Vaccine randomized trials are typically designed to be blinded, ensuring that the estimated vaccine efficacy (VE) reflects the immunological effect of the vaccine. When blinding is broken, however, the estimated VE reflects not only the immunological effect but also behavioral effects stemming from participants' awareness of their treatment status. Recent work has proposed alternative causal estimands to the standard VE to address this issue, but their point identification results require a strong assumption: the absence of unmeasured common causes of infection risk and participants' belief about whether they received the vaccine. Personality traits, for example, may plausibly violate this assumption. We relax this assumption and derive nonparametric causal bounds for different types of VE. We construct these bounds using two approaches: linear programming-based and monotonicity-based methods. We further consider several possible causal structures for vaccine trials and show how the nonparametric bounds differ across these scenarios. Finally, we illustrate the performance of the proposed bounds using fully synthetic data and a semi-synthetic data example based on a COVID-19 vaccine trial.

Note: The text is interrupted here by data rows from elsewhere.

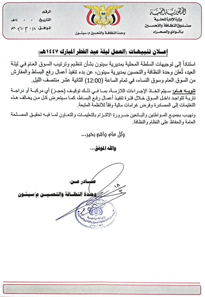 أعلنت وحدة النظافة والتحسين بمديرية سيئون عن بدء تنفيذ حملة تنظيم شاملة للسوق العام وسوق النساء، وذلك ضمن الترتيبات الخاصة بليلة عيد الفطر المبارك 1447هـ، وبناءً على توجيهات السلطة المحلية بالمديرية.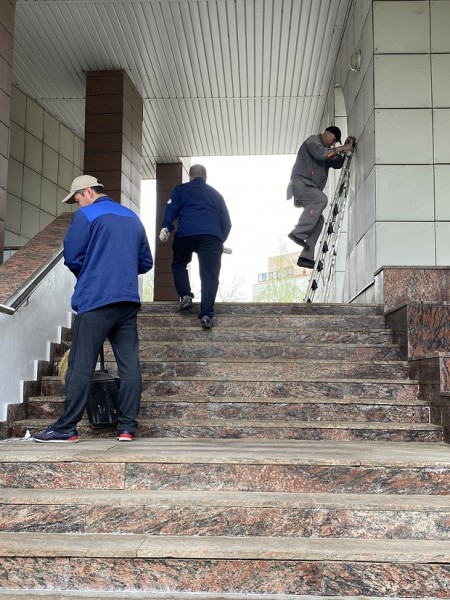 Работы по приведению в порядок фасада МКД в весенний период.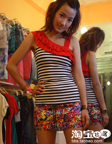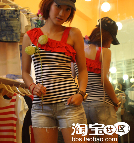 No.1 卷卷荷叶边的条纹T恤,又妩媚又青春,很有范儿呢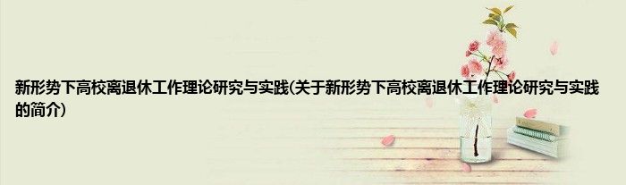 大家好,新形势下高校离退休工作理论研究与实践,关于新形势下高校离退休工作理论研究与实践的简介很多人还不知道,现在让我们一起来看看吧!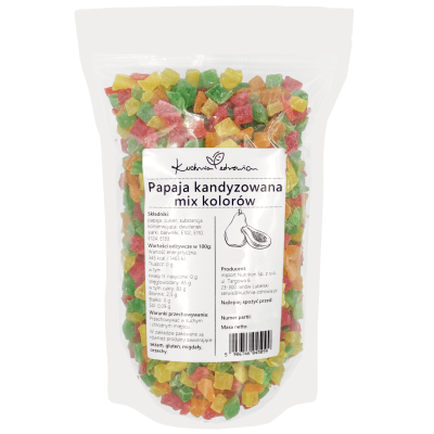 Papaja kandyzowana marki Kuchnia Zdrowia to wysokiej jakości, naturalny przysmak, który łączy w sobie egzotyczny smak świeżej papai z delikatną słodyczą procesu kandyzowania. Produkt ten jest starannie przygotowywany z najlepszych, starannie wyselekcjonowanych owoców papai, aby zapewnić nie tylko doskonały smak, ale także zachować jak najwięcej wartości odżywczych.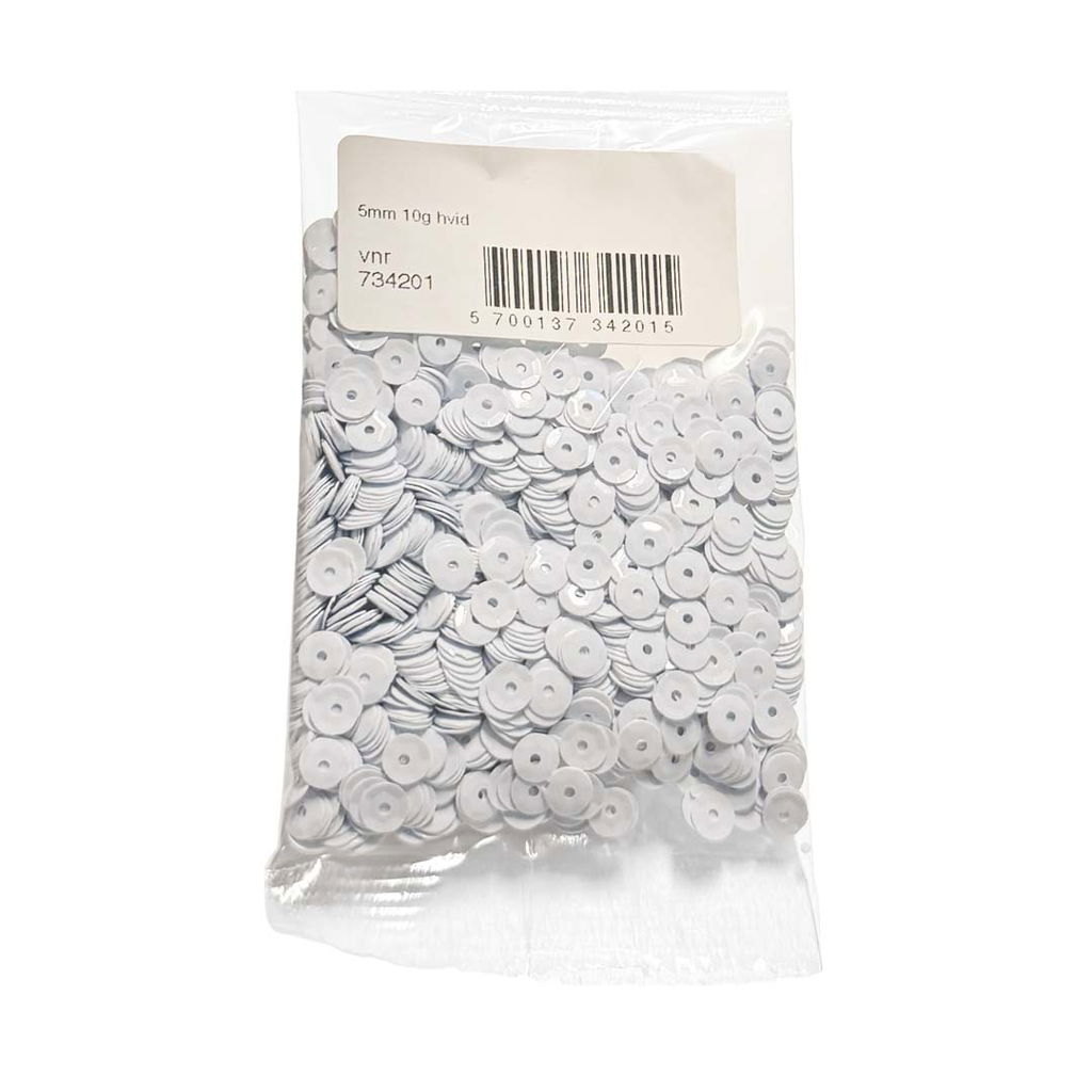 Paljetter i vitt, 5 mm, 10 g. Perfekta för dekoration, pyssel och detaljer i projekt som behöver lite skimmer och färg.
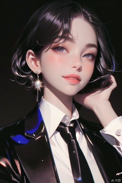 xingganOR\(ip\), solo, 1girl, shirt, Black coat, black tie, white base shirt,collared shirt, short hair, necktie, parted lips, black necktie, white shirt, earrings, jewelry, portrait, looking at viewer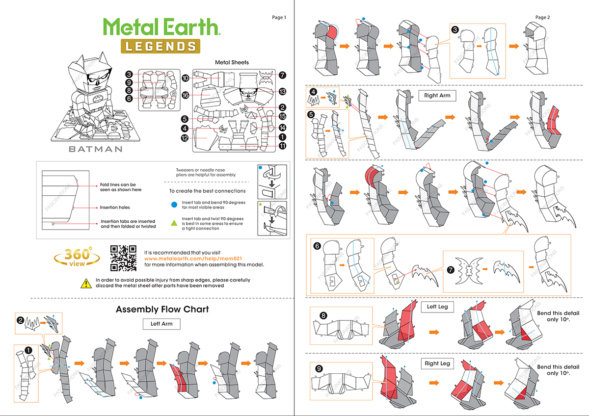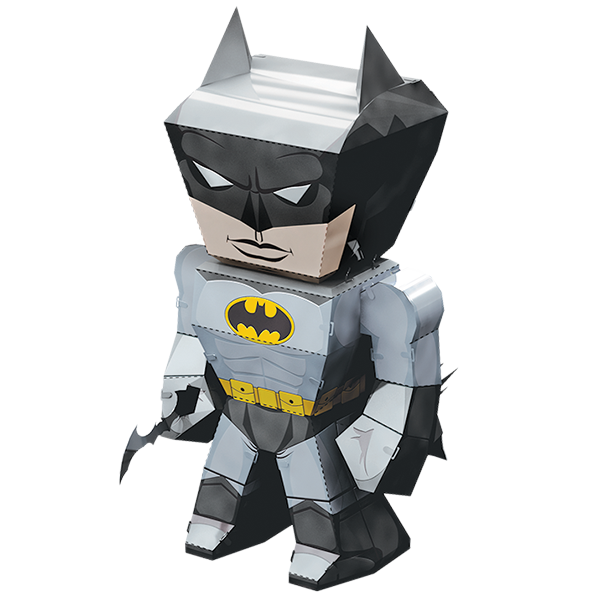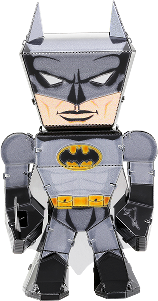 Metal Earth Legends models are full color, caricature models that are easy to assemble. They are designed to be unified in size and shape, without sacrificing the unique details of each model. Metal Earth Legends Bat Man portrays a caricature version of Bat Man. It starts as a 4-inch square steel sheet and finishes as a 1.57" x 1.5" x 2.76" 3D model. Simply use the easy-to-follow instructions included with the sheet to pop out the pieces, bend the tabs, and connect them at the attachment points. No glue nor solder required.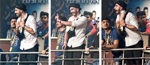 I tried to pretend I didn’t hear that as Ranveer sent out a pelvic thrust to the 66,000-strong crowd at Eden Gardens with the beats of Tu ne maari entriyaan from Gunday ringing out loud. The Dil Dhadakne Do dude was most certainly enjoying the attention, little knowing that among the many dils he set dhadko-ing, one belonged to Dhoni’s mother-in-law.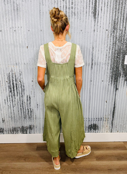 Easy Does It Smocked Jumpsuit- Sage

翻译：疫苗随机试验通常设计为双盲，以确保估计的疫苗效力（VE）反映疫苗的免疫学效应。然而，当双盲被打破时，估计的VE不仅反映免疫学效应，还包含参与者知晓其治疗状态所引发的行为效应。近期研究提出了替代标准VE的因果估计量以解决此问题，但其点识别结果依赖于一个强假设：感染风险与参与者对是否接种疫苗的信念之间不存在未观测的共因。例如，人格特质可能违反该假设。我们放宽此假设，推导了不同类型VE的非参数因果界。我们采用两种方法构建这些界：基于线性规划的方法和基于单调性的方法。我们进一步考虑了疫苗试验的几种可能因果结构，并展示了非参数界在这些情境下的差异。最后，我们通过完全合成数据和基于COVID-19疫苗试验的半合成数据示例，说明了所提界的性能。